### Extracted records:
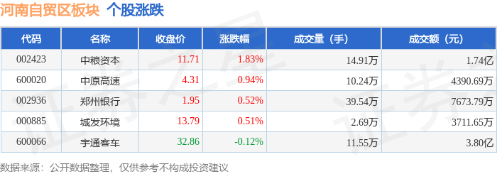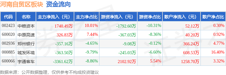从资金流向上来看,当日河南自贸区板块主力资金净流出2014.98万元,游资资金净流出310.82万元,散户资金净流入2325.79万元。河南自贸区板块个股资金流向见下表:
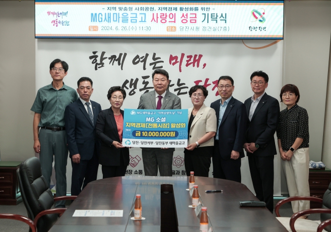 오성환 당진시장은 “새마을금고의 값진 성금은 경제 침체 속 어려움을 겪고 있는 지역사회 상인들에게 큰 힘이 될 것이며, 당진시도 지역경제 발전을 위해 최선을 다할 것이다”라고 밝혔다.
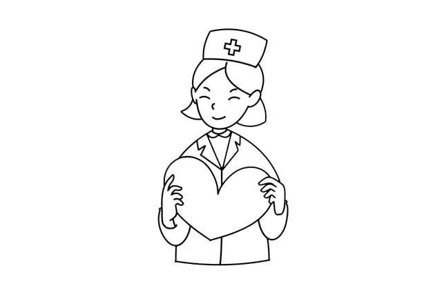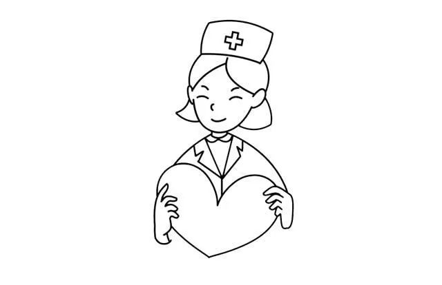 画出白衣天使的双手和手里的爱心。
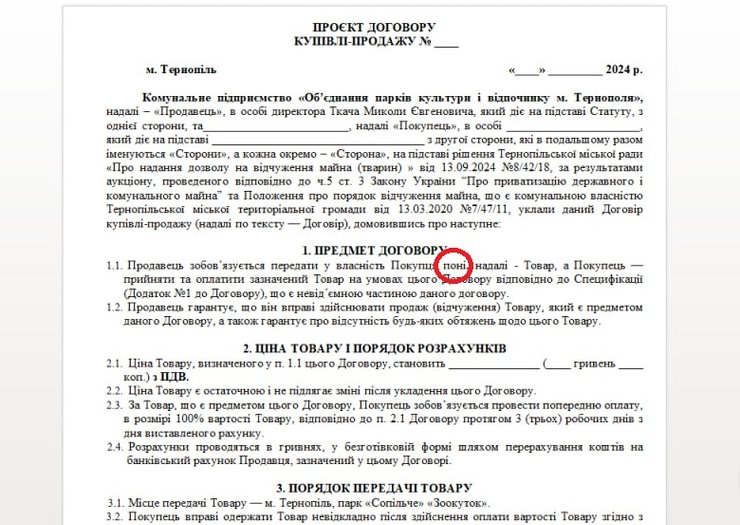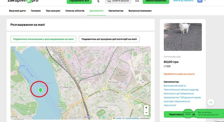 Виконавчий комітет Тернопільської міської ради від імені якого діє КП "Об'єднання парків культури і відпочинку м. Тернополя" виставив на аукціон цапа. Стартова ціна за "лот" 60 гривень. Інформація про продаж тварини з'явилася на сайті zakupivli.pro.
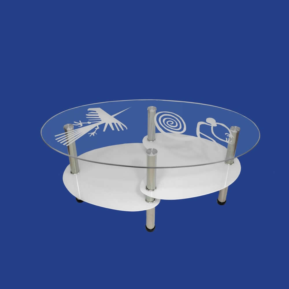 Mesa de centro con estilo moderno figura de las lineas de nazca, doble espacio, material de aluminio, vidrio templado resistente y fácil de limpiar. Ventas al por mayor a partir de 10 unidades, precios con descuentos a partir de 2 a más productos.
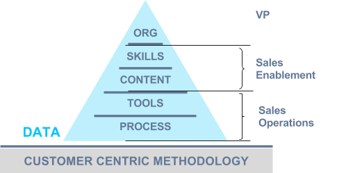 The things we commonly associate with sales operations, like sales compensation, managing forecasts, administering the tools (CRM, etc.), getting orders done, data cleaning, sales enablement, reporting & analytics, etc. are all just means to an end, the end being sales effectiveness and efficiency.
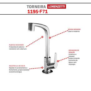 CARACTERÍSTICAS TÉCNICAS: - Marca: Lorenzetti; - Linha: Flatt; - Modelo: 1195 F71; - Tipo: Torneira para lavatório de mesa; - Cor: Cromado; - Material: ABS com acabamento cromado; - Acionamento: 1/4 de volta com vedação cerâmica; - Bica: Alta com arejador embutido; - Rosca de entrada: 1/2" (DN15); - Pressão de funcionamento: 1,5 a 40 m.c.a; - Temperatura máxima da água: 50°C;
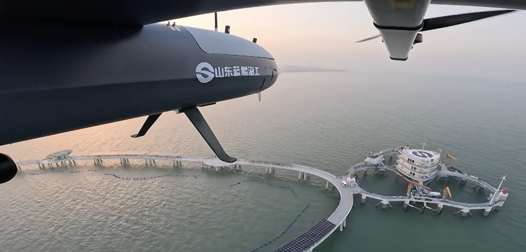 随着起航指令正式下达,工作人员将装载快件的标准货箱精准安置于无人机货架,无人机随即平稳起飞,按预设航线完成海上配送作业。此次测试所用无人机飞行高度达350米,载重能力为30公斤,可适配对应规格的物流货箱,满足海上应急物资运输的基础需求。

### Problem to solve:
Please retype, exactly and with the pictures left out, the lines from the line containing "Mesa de centro" through the last line of the records above.

### Task output:
 Mesa de centro con estilo moderno figura de las lineas de nazca, doble espacio, material de aluminio, vidrio templado resistente y fácil de limpiar. Ventas al por mayor a partir de 10 unidades, precios con descuentos a partir de 2 a más productos.
 The things we commonly associate with sales operations, like sales compensation, managing forecasts, administering the tools (CRM, etc.), getting orders done, data cleaning, sales enablement, reporting & analytics, etc. are all just means to an end, the end being sales effectiveness and efficiency.
 CARACTERÍSTICAS TÉCNICAS: - Marca: Lorenzetti; - Linha: Flatt; - Modelo: 1195 F71; - Tipo: Torneira para lavatório de mesa; - Cor: Cromado; - Material: ABS com acabamento cromado; - Acionamento: 1/4 de volta com vedação cerâmica; - Bica: Alta com arejador embutido; - Rosca de entrada: 1/2" (DN15); - Pressão de funcionamento: 1,5 a 40 m.c.a; - Temperatura máxima da água: 50°C;
 随着起航指令正式下达,工作人员将装载快件的标准货箱精准安置于无人机货架,无人机随即平稳起飞,按预设航线完成海上配送作业。此次测试所用无人机飞行高度达350米,载重能力为30公斤,可适配对应规格的物流货箱,满足海上应急物资运输的基础需求。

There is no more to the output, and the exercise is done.